Swipeable rows expose actions on mobile via swipe gestures. Keyboard users on desktop cannot perform the swipe-revealed actions; they remain hidden.

Fix

Every swipe-revealed action also reachable via Tab and Enter. Common pattern: the action button is always in the DOM but visually hidden (or visible on hover) on desktop; swipe reveals the same buttons on mobile. Both input modalities have access.

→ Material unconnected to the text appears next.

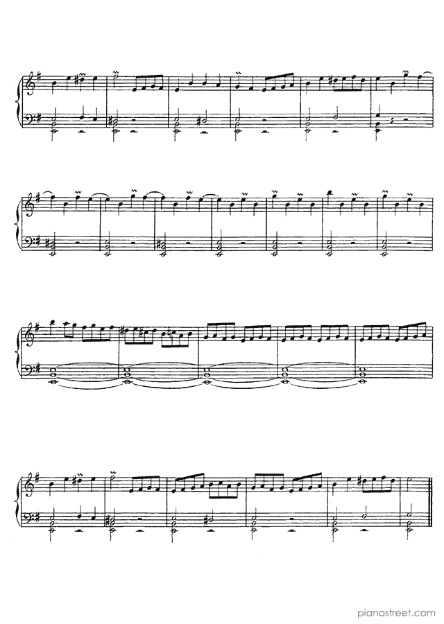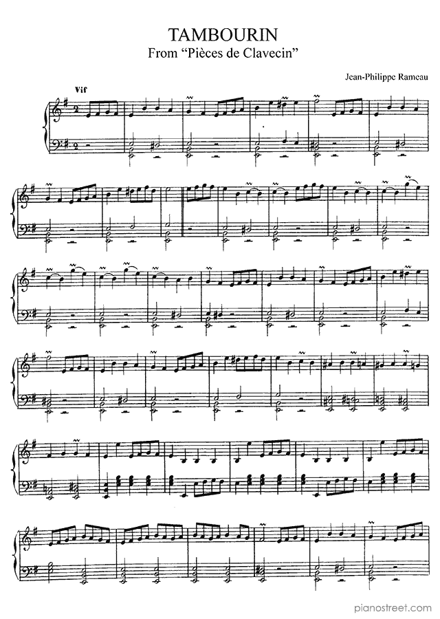 Downloadable piano sheet music from Harpsichord Pieces by Jean Philippe Rameau to print: Tambourin No. 11 in E Minor (published in 1724)

#listitem-no-roving-tabindex

Selectable list with every row tabindex="0"

Problem

Tab cycles through every row in a selectable list (could be 100+ rows). APG listbox / grid pattern uses roving tabindex — only one row is in the tab order, ArrowKeys navigate within.

Fix

Roving tabindex per APG listbox or grid pattern. Only the currently-focused row has `tabindex="0"`; others have `tabindex="-1"`. ArrowKeys move focus within; Tab moves focus out of the list to the next document focusable.

Accessibility hints
Slot Accessibility hint
root Always wrap inside a real list (`<ul>` / `<ol>`) for the canonical list semantic. For interactive variants, the row may be wrapped in a `<button>` or `<a>` (whole- row clickable). For selectable variants, the row carries `aria-selected` and lives inside `role="listbox"` (single-select) or has a leading checkbox (multi-select). For current-page variants (in navigation lists), the row carries `aria-current`.
leading-icon Decorative when paired with a primary text label (`aria-hidden="true"`). For information-carrying icons (a verified-account checkmark, a syncing-status indicator), surface the meaning via visually-hidden text composed into the row's accessible name.
avatar For person avatars, alt text is the person's name (often redundant with the primary label — set `alt=""` then, with the avatar as decorative). For status-indicating avatars (presence dots overlaid on the avatar), surface status via visually-hidden text in the row's accessible name ("Alice (online)").
primary Plain text. The row's primary identifier for SR users. Avoid visually-hidden modifiers in the primary slot — the visible text and the accessible name should match.
secondary Plain text. SR users hear primary then secondary in DOM order when navigating into the row. Avoid embedding inline interactive elements (links, buttons) in secondary text — they break the row's whole-row-clickable contract; put them in the action slot instead.
trailing-icon Decorative when communicating affordance (chevron signalling "tap for more"); status-bearing when carrying meaning not in the primary text (a "syncing" indicator). For status, surface via visually-hidden text in the row's accessible name.
badge For numeric badges, append the count to the row's accessible name via visually-hidden text ("Inbox, 3 unread"). Decorative-only badges (a pulse for "new") use `aria-hidden="true"` with the meaning conveyed in primary text or via composed accessible name.
action Real `<button>` with accessible name. For whole-row-clickable rows, the action button's click must `event.stopPropagation()` to prevent activating the parent row. The action button is reachable via Tab; for selectable list rows, ArrowKeys do NOT navigate to the action — only Tab does.